In addition to the biological experiments aboard Sputnik 2, Soviet scientists under the leadership of Moscow State University’s (MSU’s) Sergei Vernov (shown in box 1) placed a Geiger–Müller (G–M) tube on board to measure radiation the satellite encountered.1 For many years before World War II, Vernov had studied cosmic rays with ground-based and balloon instruments. So it was natural for him to want to measure primary cosmic-ray particles from the depths of the galaxy before they interact with Earth’s atmosphere. (See the article by Per Carlson, Physics Today, February 2012, page 30.)
Officially, the Sputniks were launched in the framework of the International Geophysical Year (IGY) of 1957–58. Even so, the US was stunned by the achievement (see the article by Fae Korsmo, Physics Today, July 2007, page 38). Following the launch of the two Russian satellites, the US Army Ballistic Missile Agency was told to launch a satellite of its own using the Jupiter C rocket, which was under the direction of Wernher von Braun of the US Army Redstone Arsenal. William Pickering of the Jet Propulsion Laboratory led the effort to design, build, and operate the satellite—the 14 kg, torpedo-shaped Explorer 1. And James Van Allen and his team at the University of Iowa designed, built, and tested the radiation detectors installed on it. On 31 January 1958, less than three months after Sputnik 2 had launched, Explorer 1 made orbit.

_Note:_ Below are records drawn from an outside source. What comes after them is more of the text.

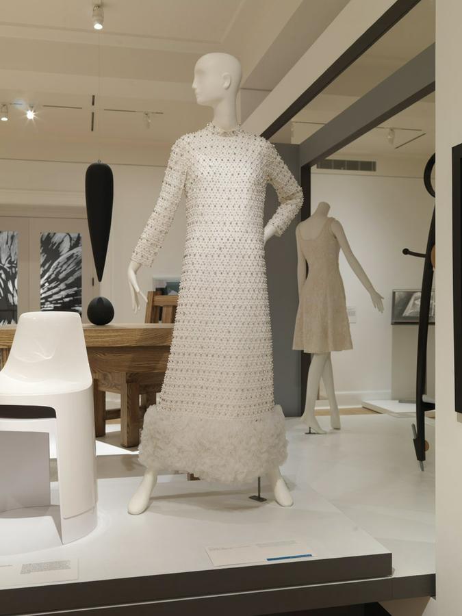 Nylon, faux pearls, rhinestones; machine lace, plain weave, appliqué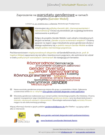 [Gender] Werkstatt Ramin e.V. Zaproszenie na warsztaty genderowe w ramach projektu [Gender Mobil] w dniach 21.-30. września 2012 r. w Raminie, Meckenburgia-Przedpomorze Interesujesz się polityką równości płci, równouprawnieniem i różnorodnością? Chcesz się dowiedzieć jak wygladają konkretne zastosowania w praktyce? Dołącz do projektu Gender Mobile i weź udział w interaktywnych akcjach na temat „Gender a życie na terenach wiejskich”. Chcemy spojrzeć na region i jego mieszkańców przez genderowe okulary i dlatego wybieramy się w podróż naszym Gender Mobile w różne zakątki polsko-niemieckiego pogranicza. Pod kierwonictwem międzynarodowych ekspertów od Gender&Diversity (m.in. prof. dr Ingelore Welpe) zapoznacie się nie tylko z teoretycznymi pojęciami, ale weźmiecie też udział w wielu praktycznych warsztatach i seminariach do następujących tematów: Nasze warsztaty genderowe proponują miejsce dla grupy 3 uczestników z Polski. Zgłoszenia uczestnictwa online do 10. sierpnia! www.gender-werkstatt.de/gender-mobil-application Warsztaty genderowe realizowane są w ramach polsko-niemieckiego projektu dla młodzieży. Chcemy spojrzeć na pogranicze i jego mieszkańców przez genderowe okulary i przy tej okazji dyskutować o równości, nierownych szansach i różnorodności. Równolegle realizowane będą warsztaty filmowe mające na celu dokumentację przebiegu. Więcej informacji również w języku polskim [email protected] albo Telefon +49 39749 29600 albo w interneciet: www.gender-werkstatt.de/gendermobil-spotkaniemlodziezy www.facebook.com/Gender.Werkstatt.Ramin [Gender] Werkstatt Ramin e.V. Dorfstrasse 41 17321 Ramin tel +49 (0) 39749 29600 e-mail [email protected] web www.gender-werkstatt.de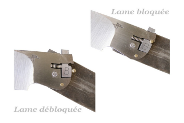 - Le mécanisme à cran d'arrêt breveté est une innovation sur les couteaux capucins traditionnels, seul mécanisme totalement intégré dans le talon de la lame. A l'ouverture, le blocage en position ouvert est automatique. Pour la fermeture, une pression vers l’avant sur la bascule libère l’axe d’arrêt, déverrouillant ainsi la lame, la fermeture est alors autorisée.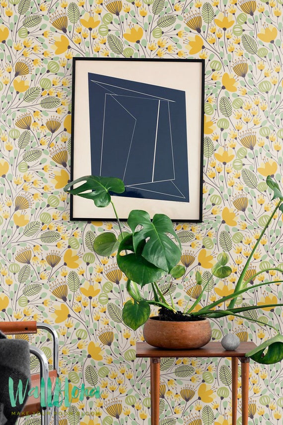 Wallpaper With Yellow Flowers And Botanical Prints Floral Etsy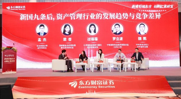 在主会场上,来自公募基金、银行理财、私募基金的重磅嘉宾,围绕“新国九条后,资产管理行业的发展趋势与竞争差异”,展开了精彩的圆桌讨论。圆桌论坛由东方财富证券研究所所长孟杰主持,参与圆桌论坛的嘉宾有国泰基金总经理助理、量化投资部总监梁杏女士,宁银理财权益部投研副总监(主持工作)罗立波先生,汇添富基金指数与量化投资部副总监过蓓蓓女士,中平资本合伙人、中平道可总裁魏凯先生。主持人和嘉宾们,共同探讨了随着“新国九条”系列部署的贯彻落实,资产管理行业将会迎来哪些重要变化,公募基金如何采取差异化战略壮大长期投资,银行理财参与资本市场面临哪些趋势变化,以及私募基金如何提升投资行为稳定性等热点话题。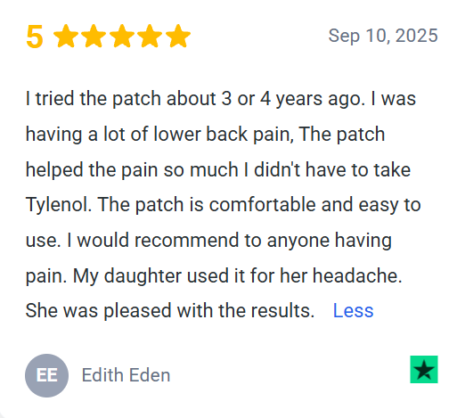 Some users are able to eliminate their pain entirely. This can be due to a few factors like good patch placement or low severity of the underlying issue causing the pain. Some users are only able to eliminate a fraction of their pain. If you have used the patch to help eliminate some of your pain but would like to see if it can do better, continue experimenting with patch placement or add additional patches.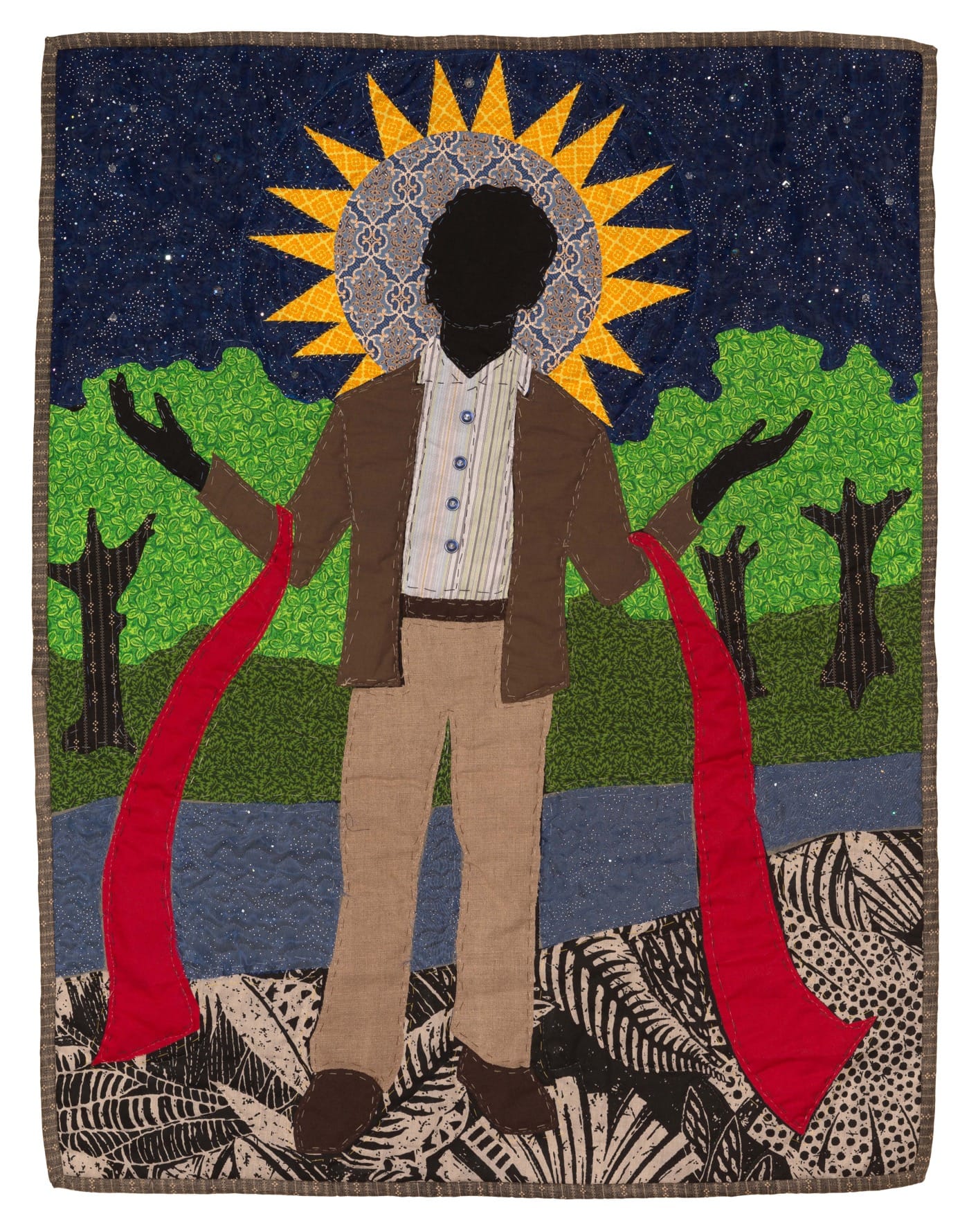 Towns culled many of the scraps he used in his quilts from his family’s home near Charleston, SC, where he was born in 1980, the youngest of 11 children, and grew up as a Jehovah’s Witness. He said that upon seeing his quilts, his mother and sister recognized some of the fabrics from dresses they’d made for themselves to wear to the Kingdom Hall.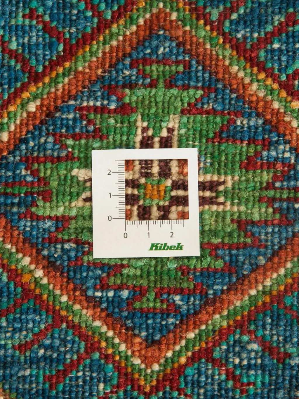 mit bunten Fäden zusammen gebunden. Durch den flachen und festen Flor ist der Teppich unempfindlich gegenüber den Belastungen des Alltags.| Gesamthöhe: | ca. 6 mm |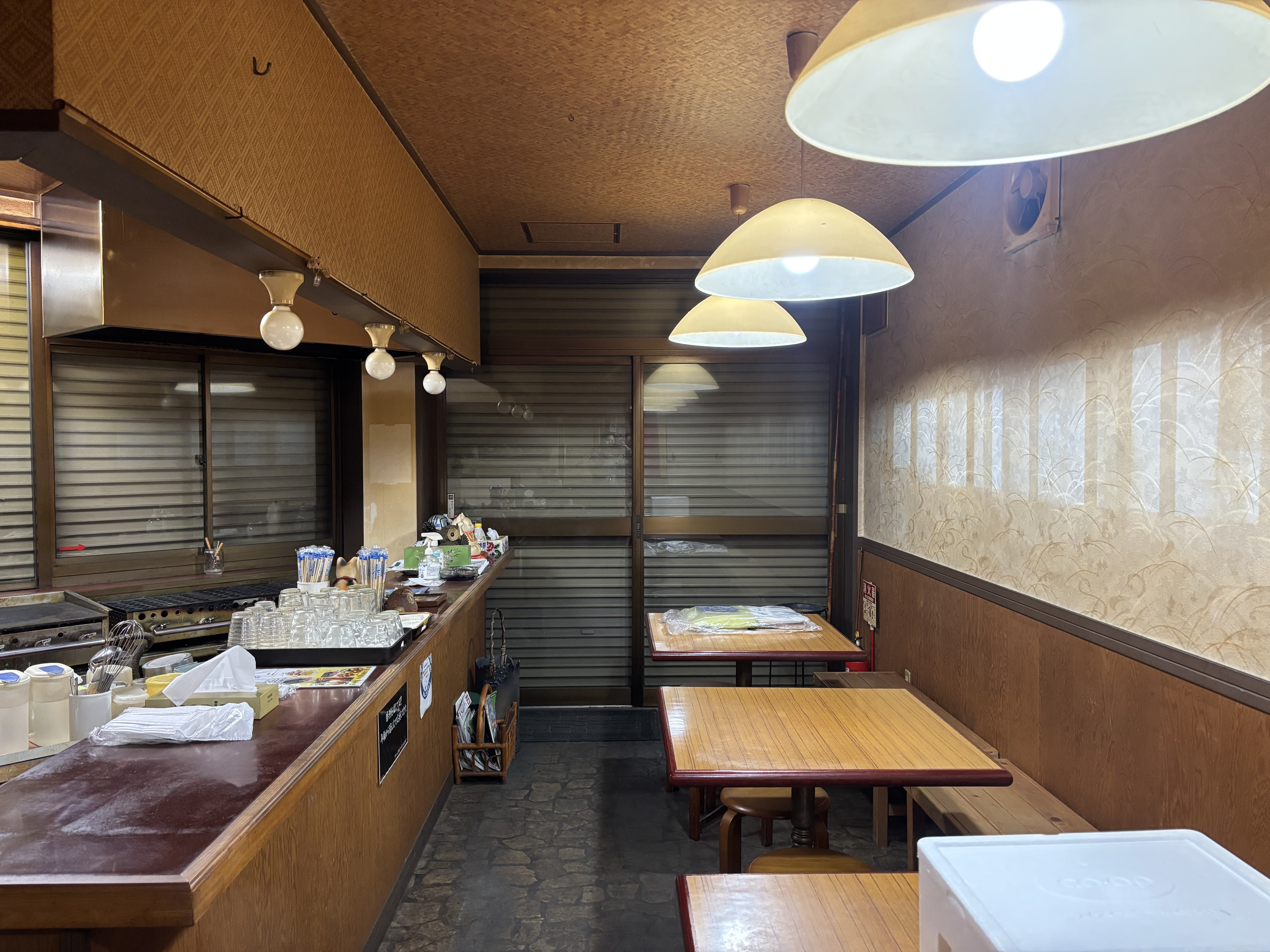 元々はお好み焼き・たこ焼き屋さんを営業していた場所なので、鉄板をそのまま使用し、たこ焼きの販売を考えています🐙

Like Vernov’s team, Van Allen’s group had installed G–M tubes2,3 aboard Explorer 1. Also like Vernov, Van Allen had studied cosmic radiation with the help of rockets and balloons over many years before the planning and launch of the first US satellites. The first measurements obtained and analyzed by those pioneers were truly epochal. No one had predicted the existence of Earth’s radiation belts—nested tori of energetic particles trapped by the planet’s magnetic field. And the belts’ discovery heralded a new science: space physics. However, the path to discovery was difficult and dramatic.
A problem of interpretation
When Vernov and his staff first saw the data from Sputnik 2, they noticed significant fluctuations, shown in box 1, in the count rates of their G–M tube. Knowing that the Sun had recently emitted a small flare, they incorrectly interpreted the fluctuations as due to the arrival of energetic solar particles. In fact, Sputnik 2 was sampling regions threaded by the geomagnetic field, and the fluctuations were evidence of the radiation belts. The problem was that Soviet scientists could not get access to satellite data when the spacecraft’s trajectory took it outside Soviet territory. The total secrecy that existed in Soviet science made it impossible to negotiate with other nations that picked up the satellite’s transmission at ground receiving stations abroad. Australian scientists recorded Sputnik 2 data from apogee passes over Australia and asked for the code to interpret it. The Soviets refused. And when the Soviets demanded the data from the Australians, the Australians refused. Thus the Soviet science was stymied by secrecy.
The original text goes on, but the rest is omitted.